1.3 – Interrogazioni e risposte
Significato → intenzione, tensione verso un compimento che oltrepassa la semplice registrazione di
dati. Si può considerare come una specie di interrogazione che permane anche quando non si trova
la risposta: alcune questioni, inoltre, resistono più di altre a qualsiasi tentativo di soluzione.
La psicologia ha spesso trascurato i problemi a cui non si poteva dare risposta scientifica [posizione
della logica positivista]: questa posizione ha sicuramente dei vantaggi, ma non è l’unica scelta
possibile, in quanto si può assumere un diverso atteggiamento conoscitivo, che implica la sfida, per
la psicologia, di ampliare la sua ricerca oltrepassando ciò che è già presente e conosciuto.

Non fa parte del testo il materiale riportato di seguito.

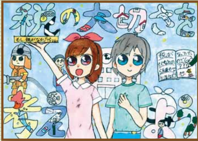
児島法人会 倉敷市立郷内小学校 6年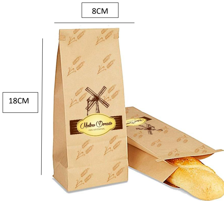
Imagen 4. Empaque secundario

Infatti, non poter rispondere in modo definitivo ad una domanda, non toglie realtà all’atto del
domandare.
Psicologia del Significato → richiede una nuova fondazione e una nuova metodologia per la
scienza dello psichico → propone di tener conto dell’esistenza di quei problemi che la scienza
trascura, oltrepassando i limiti del metodo naturalistico che, per principio, deve annullare la
soggettività e l’intenzionalità.
↓
ripensamento radicale della conoscenza psicologica → la presenza della soggettività conoscente
diventi garanzia di fedeltà all’esperienza e, quindi, di rigore scientifico.
1.4 – Significato e linguaggio
Non ci si sta riferendo al significato come è inteso nell’ambito della logica o della linguistica, ma a
ciò a cui tendiamo quando cerchiamo di interpretare un evento.

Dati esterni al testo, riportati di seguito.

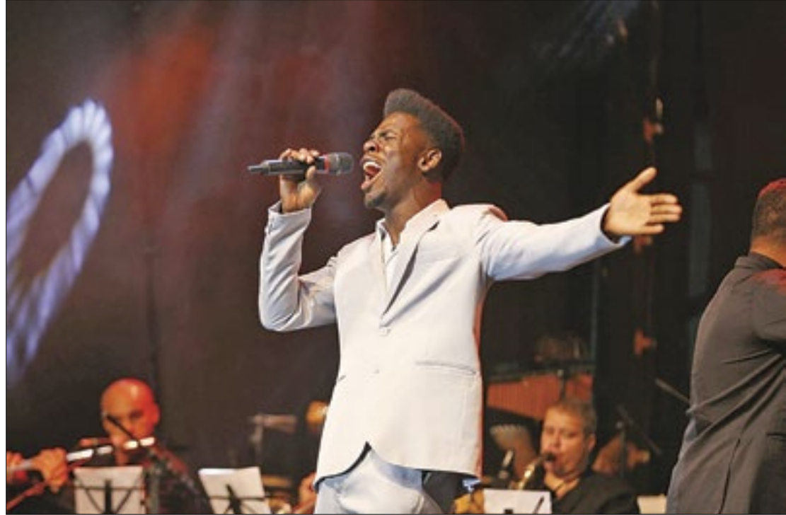
Inscrições para o 'Canta Magé' começam em 14 de março. Edital já está disponível

Neste ano, serão aceitas somente apresentações com músicas de cunho religioso no estilo gospel, em todas as etapas. As inscrições para o Canta Magé Gospel serão feitas por meio de formulário eletrônico no site oficial da Prefeitura ( mage.rj.gov.br ), de 14 a 29 de março de 2024. Podem se inscrever pessoas a partir de 16 anos completos, residentes e/ou domiciliadas em Magé. Quem ficou entre os três primeiros colocados em qualquer edição anterior não poderá

Frege: la svolta linguistica da lui inaugurata considera lo studio del pensiero in modo autonomo
rispetto al concreto processo del pensare, e lo studio del linguaggio slegato dal soggetto che parla
→ il senso è delle frasi, e il linguaggio è un sistema già compiuto di cui non resta che indagare le
regole → definizione di significato che non ha nulla in comune con quanto si intende nel linguaggio
ordinario della nostra esperienza.
Husserl: ritiene che qualsiasi conoscenza sia fondata sull’esperienza soggettiva del conoscere, che
non possa che muovere dallo strato originario dl vissuto.
Linguaggio → non ha senso fuori dall’intersoggettività → la sua fz espressiva e comunicativa può
essere indagata solo da uno sguardo attento alla complessità dell’umano.
Wittgenstein: la proposta di considerare il valore d’uso delle parole e i fattori contestuali extralinguistici nella generazione del significato ha contribuito a trasformare la visione astratta dei segni
linguistici in una più vicina alla realtà dell’esperienza.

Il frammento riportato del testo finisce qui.